Description
The Nash Ensemble presents a fascinating compendium of Frank Bridge’s chamber music, demonstrating the composer’s developing style.
Bridge is best known through his most famous pupil, Benjamin Britten, who recognized his teacher’s genius and frequently programmed his works. The Phantasy Piano Quartet, completed in June 1910, reveals Bridge’s early style at its most fluent. Writing in the 1948 Aldeburgh Festival programme book, Benjamin Britten revealed the essence of this work perfectly: ‘Sonorous yet lucid, with clear, clean lines, grateful to listen to and to play. It is the music of a practical musician, brought up in German orthodoxy, but who loved French romanticism and conception of sound—Brahms happily tempered with Faure.’

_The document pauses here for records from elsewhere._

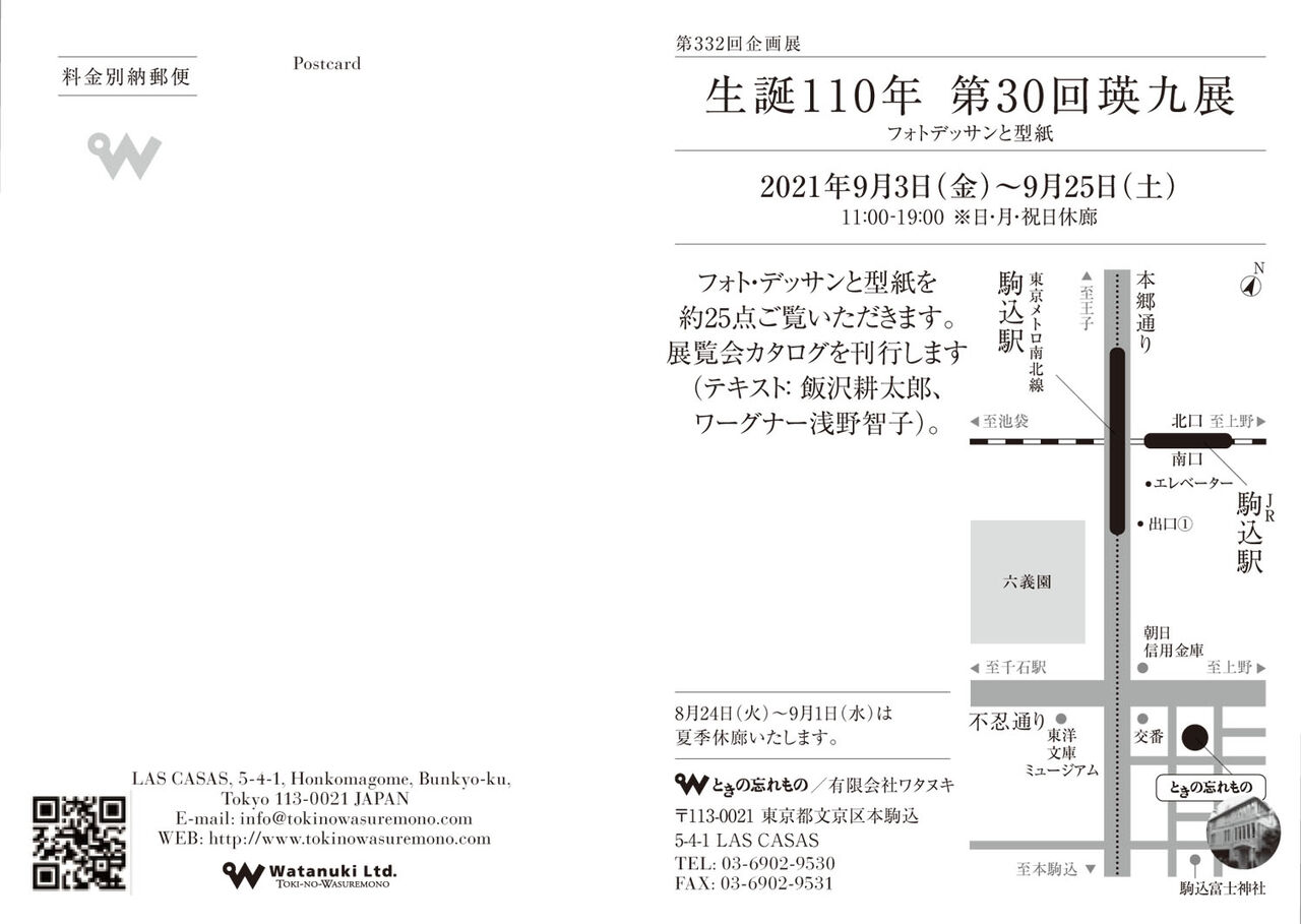 瑛九展ポスター(裏)●ときの忘れものは2017年に青山から〒113-0021 東京都文京区本駒込5丁目4の1 LAS CASAS に移転しました。もともと住宅だった阿部勤設計の建物LAS CASASを使って、毎月展覧会(Web展)を開催し、美術書の編集事務所としても活動しています。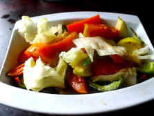 a tiritas el pimiento desechando sus semillas. Sazonamos y mezclamos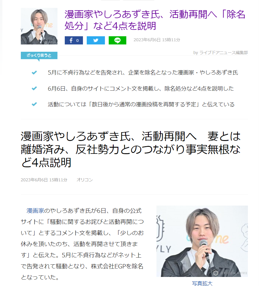 【朗報】漫画家やしろあずき、「警視庁監修漫画」を公開する模様。なお妻とは「離婚済み」が確定した模様wwwww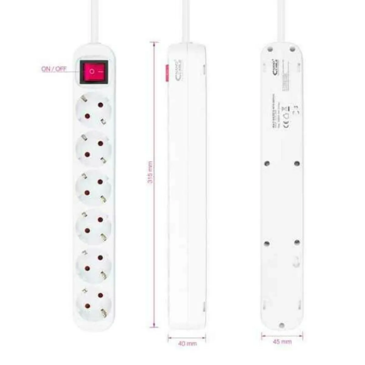 - 6 prises Type F avec interrupteur marche/arrêt pour une mise hors tension groupée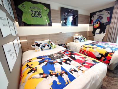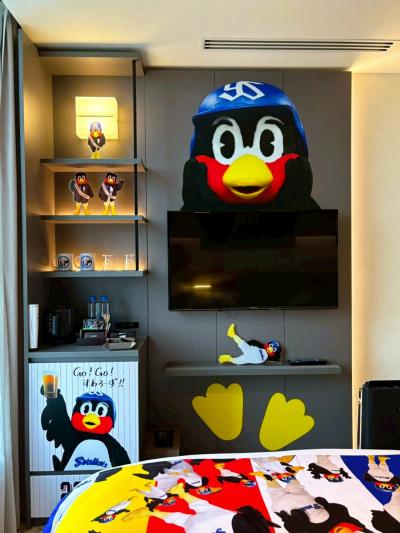 つば九郎ファンの娘と、日本青年館ホテルのつば九郎ルームに泊まりました。

In his later works, represented here by the Cello Sonata and Violin Sonata, Bridge made use of more angular melodies, and seemed influenced by contemporary trends in Europe, much to the dismay of critics at home. Britten staunchly defended Bridge and writes about ‘the invariable fascination of the sound; the conversational melodies can be difficult to recognize, but the drama and tensions easy to feel’.
Also included are folk-song arrangements in which Bridge absorbs the material into his musical fabric, taking creative ownership of the melodies.